Marcia has provided figures from the first YouGov Scottish subsample since Boris Johnson became Prime Minister, and on the face of it they're exceptionally good news for the SNP, and disappointing for Jo Swinson.  However, I'm going to ca' canny just for the moment, because I can't actually see any sign of the datasets yet.  (I may just be looking in the wrong place - the YouGov website is getting less user-friendly with every passing year.)

*  *  *

Professor Roger Awan-Scully is known to millions as "the John Curtice of Wales" (well, that's how he's known to me, anyway) and he posted this tantalising tweet a few hours ago...

"A new Welsh Political Barometer poll by @YouGov will be published tomorrow by @ITVWales

The results go well beyond ‘gosh’ territory, or even ‘blimey’: by some way the most dramatic poll I have ever analysed.

And in some respects a genuinely historic poll for Welsh politics."

Given the Boris bounce that we saw in GB-wide polls last night, you'd be forgiven for thinking that he's hinting at a Tory lead.  But the thing is that the Tories have been in the lead in Welsh polls before, so in itself that wouldn't qualify as "the most dramatic".  So I'm wondering if we'll be looking at either an outright lead for Plaid Cymru, or Labour slipping to third place.

*  *  *

UPDATE: Many thanks to Anon in the comments section below for providing the YouGov datasets, which confirm the subsample figures that Marcia gave us earlier...

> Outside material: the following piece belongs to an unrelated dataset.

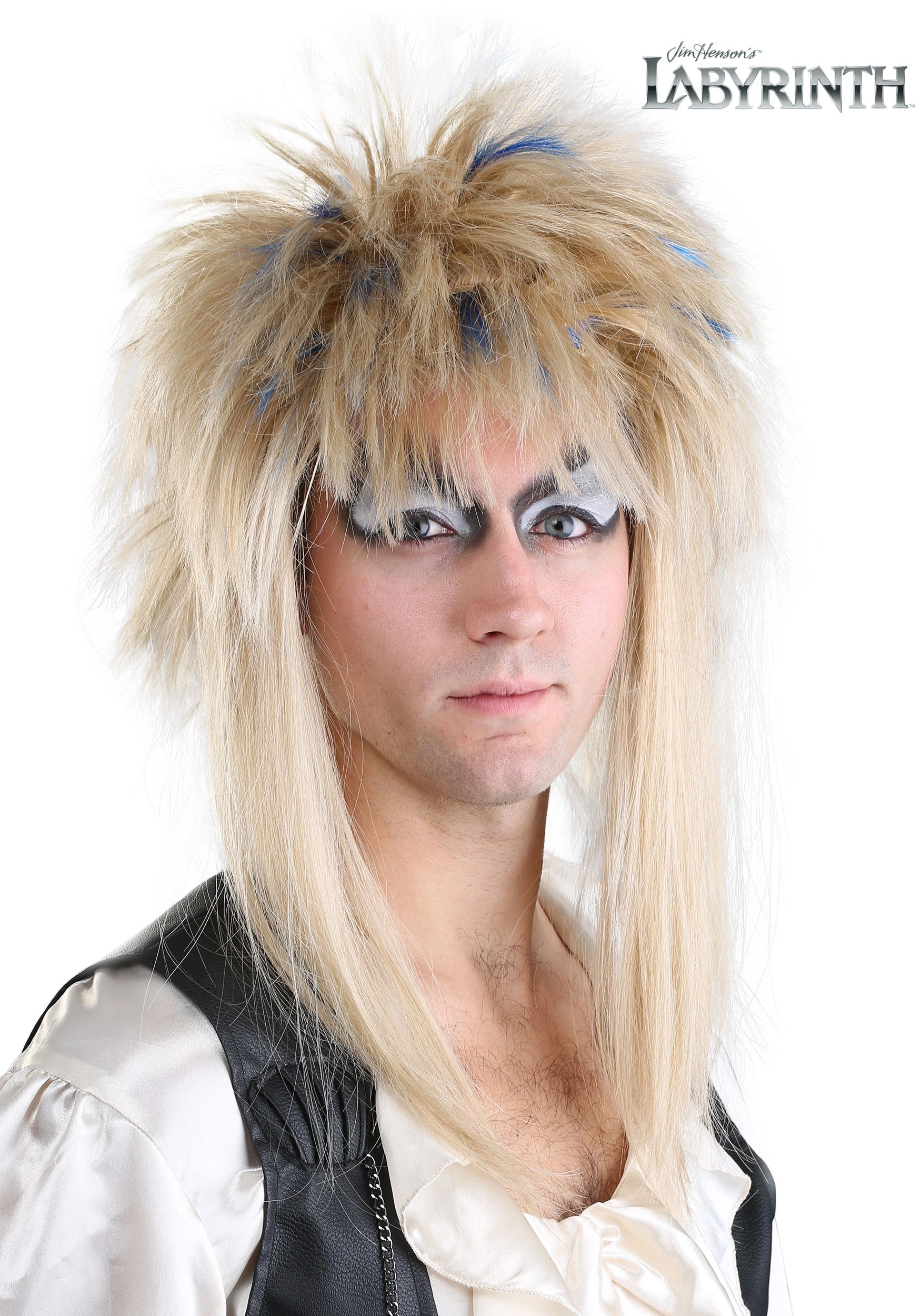 Channel your inner Goblin King and become the mystifying magic man, himself, with this exclusive Jareth Wig from Labyrinth. Our own magical designers faced the twisting walls, Fireys, and Helping Hands alike to replicate the top-notch style of Jareth. This licensed, styled wig is a perfect recreation of the iconic look of the Goblin King from the long blonde locks and shorter fiber spikes to the glittering blue accents.

SNP 47%, Conservatives 21%, Liberal Democrats 12%, Labour 11%, Brexit Party 5%, Greens 3%, Plaid Cymru 1%

This is the second YouGov subsample since Boris Johnson became Tory leader, but the first since he became Prime Minister.  That's a crucial distinction, because in GB-wide polls the Boris Bounce only occurred after Theresa May actually left Downing Street.  And sure enough, the Tory surge appears to have been replicated in Scotland - but not at the expense of the SNP, who are in an even more commanding position than usual.  What that would mean in Tory-SNP marginal seats is anyone's guess.

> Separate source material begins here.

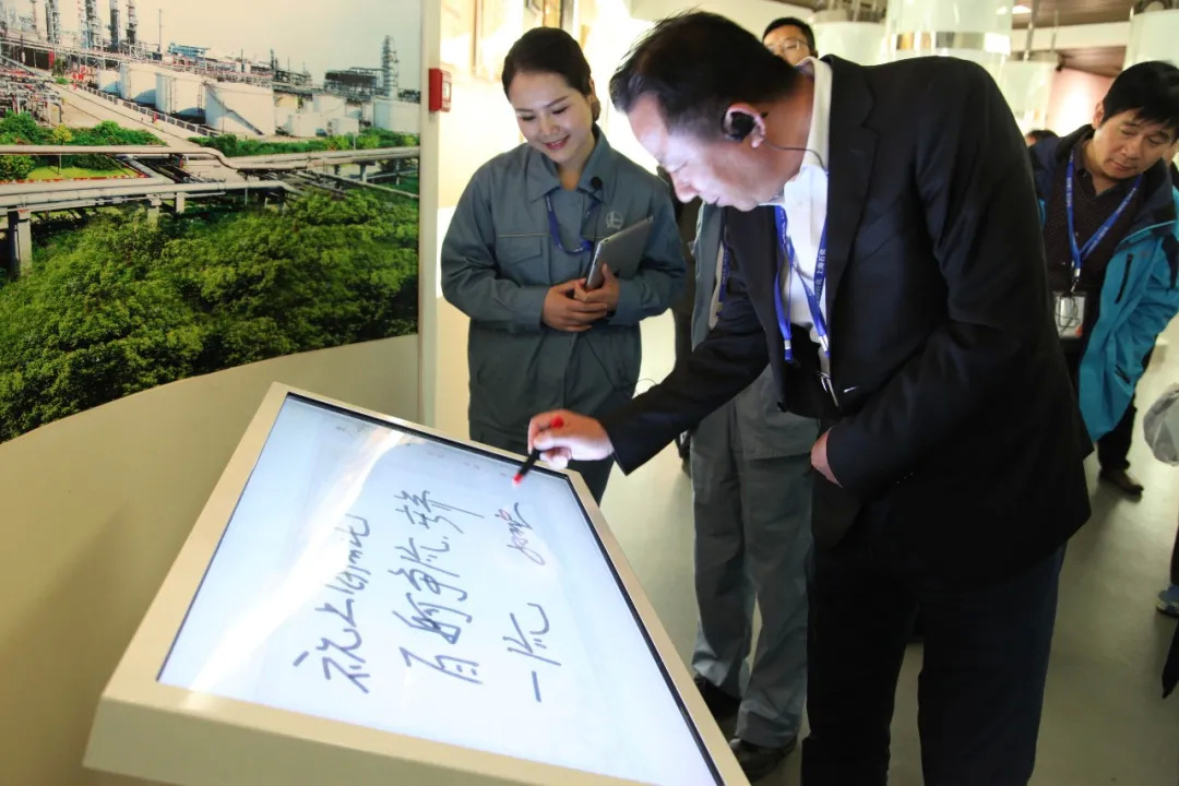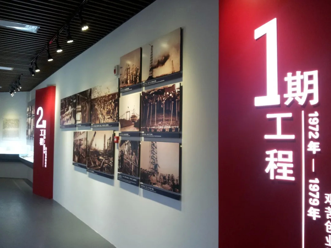 历史沿革展厅介绍了上海石化从5万民工围海造堤到一期至六期工程建设情况及上海石化股份制改制等重要节点。

You wouldn't have expected the SNP to suffer directly from a Tory surge in any case - the greater concern would have been SNP voters drifting off to the Lib Dems.  That doesn't appear to be happening at all, although I remain of the view that Jo Swinson could yet be a small-to-medium-sized problem for the SNP.  People haven't really got to know her yet, but they will do courtesy of blanket coverage during the campaign proper, and that could be the danger point.

In case you're wondering why 1% of the Scottish subsample are backing Plaid Cymru, that's just one of the oddities that's sometimes thrown up by GB-wide polling.  It may be Welsh people living in Scotland temporarily, or it may even be people who selected the wrong option by mistake.